East of Scotland Football League
- Founded: 1923
- Country: Scotland (57 teams)
- Other club from: England (1 team)
- Confederation: UEFA
- Divisions: 4
- Number of clubs: 59
- Level on pyramid: 6–8
- Promotion to: Lowland Football League
- Domestic cup(s): Scottish Cup (SFA licensed clubs and Premier Division winners) South Region Challenge Cup
- League cup(s): East of Scotland League Cup King Cup (non-Premier Division clubs only)
- Current champions: Hill of Beath Hawthorn (1st title) (2025–26)
- Most championships: Whitehill Welfare (16 titles)
- Website: eosfl.com
- Current: 2026–27 East of Scotland Football League

= East of Scotland Football League =

Association football league in Scotland

The East of Scotland Football League (EoSFL) is a senior football league based in the east and south-east of Scotland. The league sits at levels 6–9 on the Scottish football league system, acting as a feeder to the Lowland Football League.

Founded in 1923, it is currently composed of 59 member clubs competing in four divisions. Traditionally clubs were located in Edinburgh, Lothians and the Scottish Borders however in the 2010s the league expanded north and now also includes clubs from Clackmannanshire, Falkirk, Fife, Stirling, and Perth.

Since 2014–15 it has featured in the senior pyramid system. The winners take part in an end of season promotion play-off with the South of Scotland Football League and West of Scotland Football League champions, subject to clubs meeting the required licensing criteria.

==History==

===Original EoSFL===
An earlier East of Scotland League existed between 1896 and 1906, when the supplementary Edinburgh Football League changed its name, after accepting Dundee as a member. There is no connection between the two incarnations of the league.

===Eastern League, 1921-22===
The forerunner of the EOSL was the amateur Eastern League, one of two such leagues this season that had the name, the other being professional and based in the North-East of Scotland.
The membership would include subsequent EOSL members; Gala Fairydean, Peebles Rovers, Vale of Leithen, Edinburgh Civil Service, Selkirk and Civil Service Strollers.
Gala were league champions with 17 points from their 10 matches.

===21st century===
The EoSFL was traditionally one of Scotland's three "senior" non-leagues which sat outside the Scottish Football League (SFL), the other two being the Highland Football League and the South of Scotland Football League (SoSFL). It was generally viewed as being weaker than the Highland League (with fewer of their club sides defeating SFL sides in the Scottish Cup competition as opposed to the HFL), but was still regarded as being stronger than the South of Scotland League.
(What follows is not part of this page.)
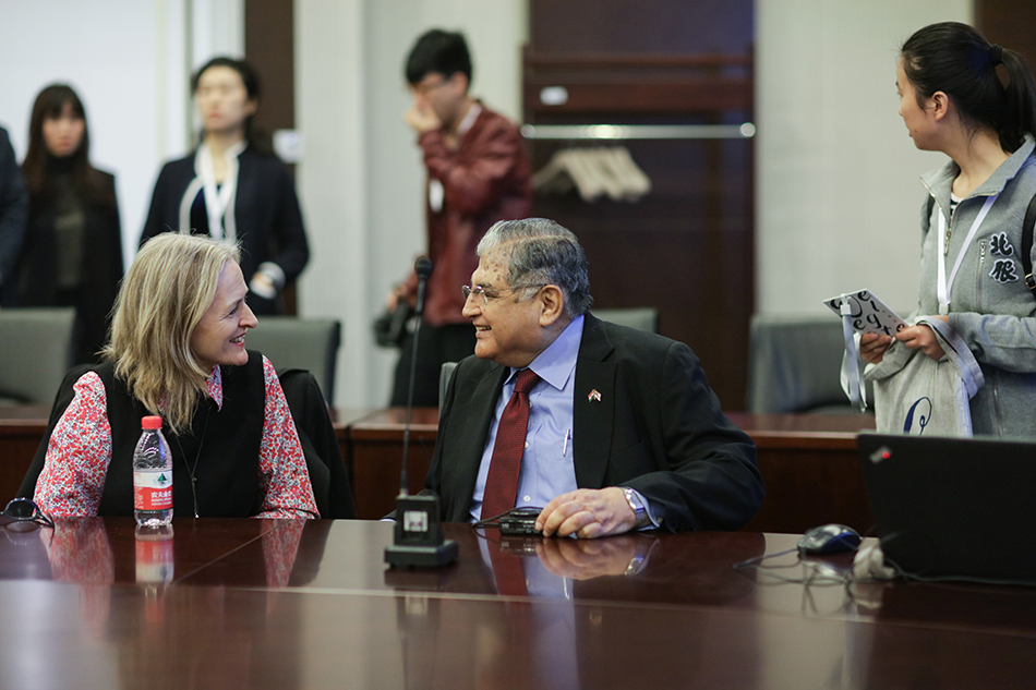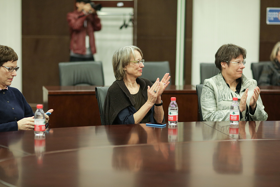 bb贝博艾弗森官网副院长詹炳宏(右二)会见IFFTI主席 Frances Corner OBE教授(左一)

Some SoSFL clubs opted to join the EoSFL, including Annan Athletic before they were elected to the SFL in 2008. Dalbeattie Star and Threave Rovers also joined however both subsequently left to rejoin the SoSFL and then later the Lowland League.

A number of the sides in the EoSFL applied to join the SFL in the past when vacancies arose. Annan Athletic were successful in 2008 (after a previous application in 2000), while Edinburgh City (2002, 2008), Gala Fairydean (1994, 2000, 2002), Preston Athletic (2000, 2002, 2008), and The Spartans (2008) were unsuccessful.

In 2004, Threave Rovers pulled out of the league to concentrate their efforts on the South of Scotland Football League. This left the league with an uneven number of clubs, and they were expected to fill the vacancy in the summer of 2005, with Gala Rovers widely touted as likely candidates. However, this did not happen. The only change that happened at that year's AGM of the league, was that Tollcross United announced that they would be competing as Tynecastle from the 2005–06 season.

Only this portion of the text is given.